Recht haben und Recht bekommen sind zwei verschiedene Dinge – das ist nicht neu, hat sicher jeder schon einmal gehört. Wie es aber ist, wenn man das weiß und vor der Frage steht, ob man das Recht bricht, um Recht zu bekommen, zeigt eindrucksvoll der Fall des Superintendent Stephen Fulcher, den die britische ITV-Miniserie „A Confession“ erzählt. In sechs Folgen ermittelt Stephen Fulcher im Fall des Verschwindens von Sian O’Callaghan, und seine Ermittlungen führen ihn in schwere Konflikte, moralischer Art wie juristischer Art.
Davon ist in der Auftaktfolge, um die es hier geht, aber noch nichts zu spüren. Sie konzentriert sich darauf, uns in die Hauptstory einzuführen, die Personen in ersten Zügen zu charakterisieren und zwei Nebenschauplätze auf zu machen. Im Fokus steht das schon erwähnte Verschwinden der 22-Jährigen Sian O’Callaghan in der britischen Kleinstadt Swindon. Superintendent Stephen Fulcher übernimmt die Ermittlungen. Daneben geht es noch um eine Familie aus der unmittelbaren Nachbarschaft von Sians Familie, bei der vor einigen Jahren ebenfalls ein Mädchen verschwunden ist. Ein noch etwas kleinerer Plot besteht aus den Ermittlungen gegen einen Freund und Kollegen von Stephen Fulcher, dem Belästigungen gegenüber Kolleginnen vorgeworfen werden.
Soweit die Ausgangslage. In der Auftaktepisode nimmt sich Autor Jeff Pope, der die sechs Folgen auf Basis von Erzählungen Stephen Fulcher, aber auch auf Basis von Aufzeichnungen aus der realen Vorlage entwickelte, sehr viel Zeit, das alles erst einmal zu sortieren und anzustoßen. Das langsame Erzähltempo wird flankiert vom tollen Score von Niall Byrne, dazu kommen die tollen Einstellungen der Cinematographin Vanessa Whyte, die auch ganz bewusst an einigen Stellen die Handkamera nimmt, um eine besonders dichte Atmosphäre zu erzeugen. Beim Gespräch zwischen Stephen Fulcher und seinem Kollegen zum Beispiel, wo wir extrem dicht an den Gesichtern dran sind – so dicht, dass Vanessa Whyte es in Kauf nimmt, dass die Aufnahmen dann und wann eine kurze Unschärfe bekommen oder dass da einige Wackler drin sind, die es einem fast schon unangenehm erscheinen lassen, so dicht beim Gespräch dabei zu sein.

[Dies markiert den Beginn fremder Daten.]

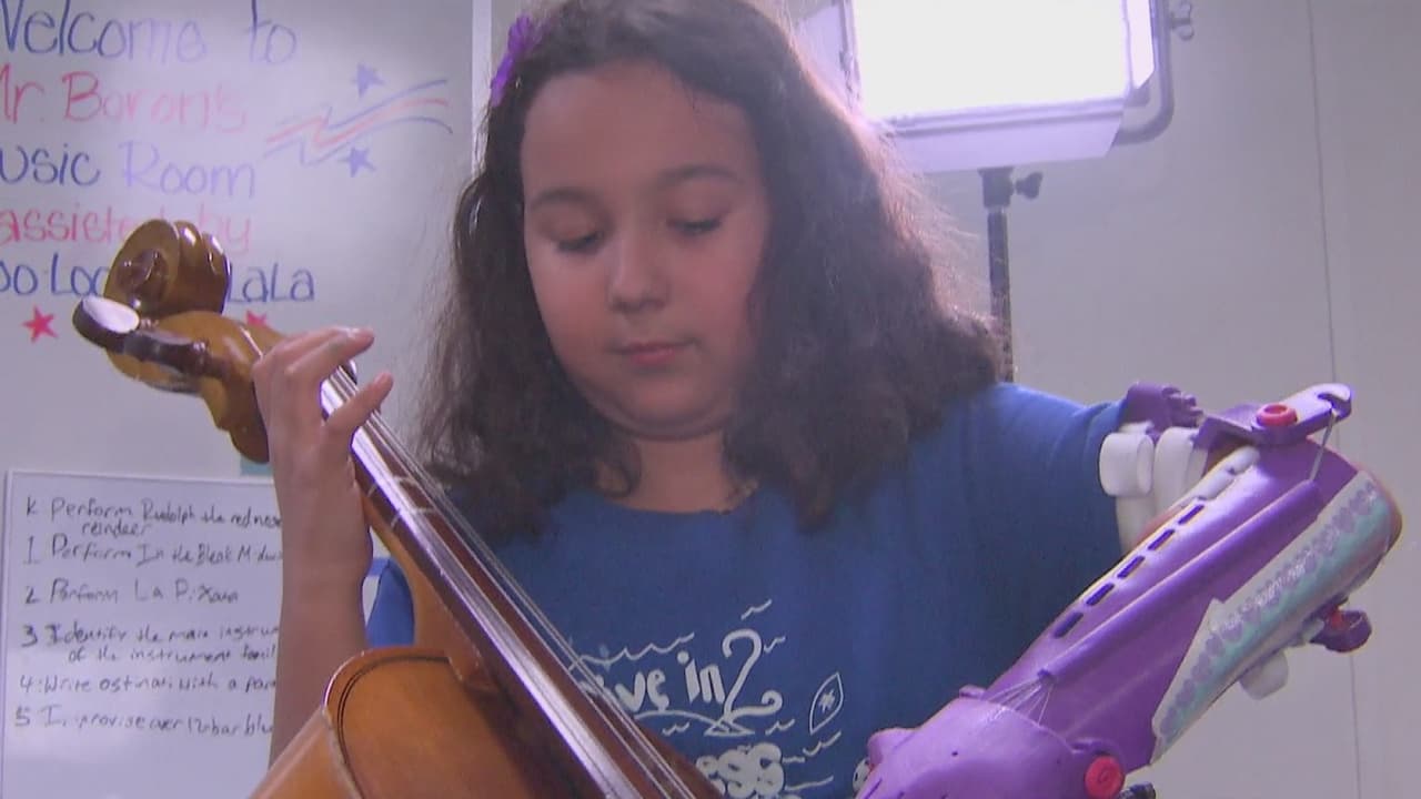 Jeanine Woodman, docente de escuela la escuela Little Fort, encontró los planos gratis en un sitio en internet, los adaptó a la talla de la alumna y los mandó a imprimir en 3D. Tatiana Coletta, la beneficiada, ahora puede tocar mejor su instrumento musical.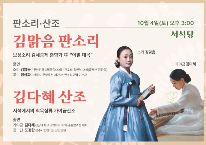 이어지는 두 번째 무대는 소리꾼 김맑음이 들려주는 '김세종제 춘향가'이다.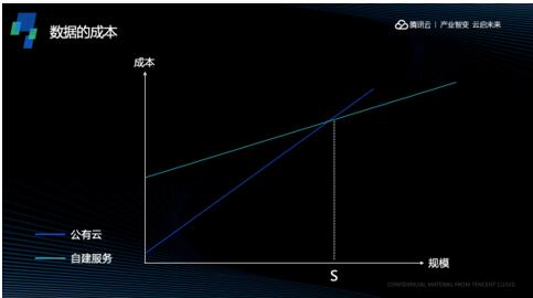 但当企业应用的规模不断扩大,成本的曲线逐渐上移,甚至超过了S线。云服务的弹性能力仍能够帮助用户节约大量的成本。 这时,原本将数据放在公有云上的企业,可能会将部分数据移到私有云或者自建IT基础设施上,形成混合云架构。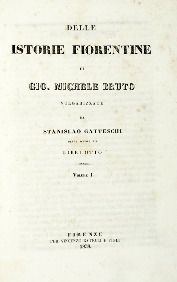 Bruto Gian Michele, Delle istorie fiorentine [...] volgarizzate da Stanislao Gatteschi. Volume I (-II). Firenze: Vincenzo Batelli e figli, 1838.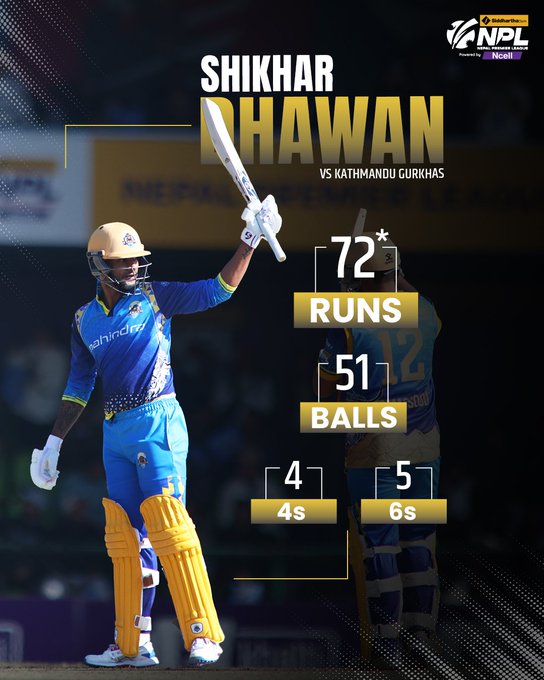 अघिल्लो खेलमा १४ रन मात्रै बनाएर बाहिरिएका भारतीय क्रीकेटर शिखर धवनको उत्कृष्ट प्रदर्शनसँगै काठमाडौंले १५० रनको लक्ष्य पाएको हो । आजको खेलमा कर्णालीका धवनले ५१ बलमा अविजित ७२ रन जोडन सफल भएका छन् ।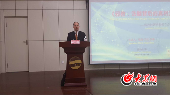 10月23日,美國著名邪教問題研究和干預專家瑞克·艾倫·羅斯在青島大學舉辦題為《邪教:洗腦背后的真相》的邪教問題研究報告會。

Wie gesagt – Zeit ist ein Faktor, den sich Jeff Pope gemeinsam mit Regisseur Paul Andrew Williams einfach gönnen – obwohl die Protagonisten in der Serie eigentlich keine Zeit haben, solange sie hoffen, Sian noch lebend zu finden. Zeit brauchen Pope und Williams aber, um uns alles sortiert zu servieren und die Personen zu porträtieren. Dabei helfen ihnen natürlich die exzellenten Darsteller, die ITV „A Confession“ spendiert hat. Fulcher wird gespielt von Martin Freeman, was sich – natürlich – als hervorragende Wahl herausstellt. Die Rolle passt ihm ausgezeichnet; hier und da erkennt man – wenn man möchte – den Dr. Watson aus „Sherlock“ wieder, Freeman versteht es aber schon in der ersten Folge, Fulcher seinen Stempel aufzudrücken und eigene Wesensmerkmale herauszuarbeiten. Wenn er da in seiner Wohnung sitzt und seine Schuhe putzt, oder etwas peinlich berührt seinem klagenden Kollegen gegenübersitzt, das sind schon erste große Momente. Toll ist auch Imelda Staunton als Karen Edwards. Sie hat gleich so etwas Zerbrechliches – stark, wie sie spielt, dass Karen innerlich zerbrochen ist, aber versucht, äußerlich die Fassade ganz zu halten.
So hat Episode 1 am Ende praktisch alles, was eine Auftaktfolge braucht, damit man als Zuschauer dabeibleiben möchte. Ich selbst fühle mich ein wenig wie bei „Broadchurch“ – ein schweres Thema, mit dem man sich in seiner Freizeit eigentlich gar nicht auseinander setzen möchte, aber so gut und wichtig erzählt, dass man es einfach gesehen haben muss. Sehen wir mal, was die anderen 5 Folgen können.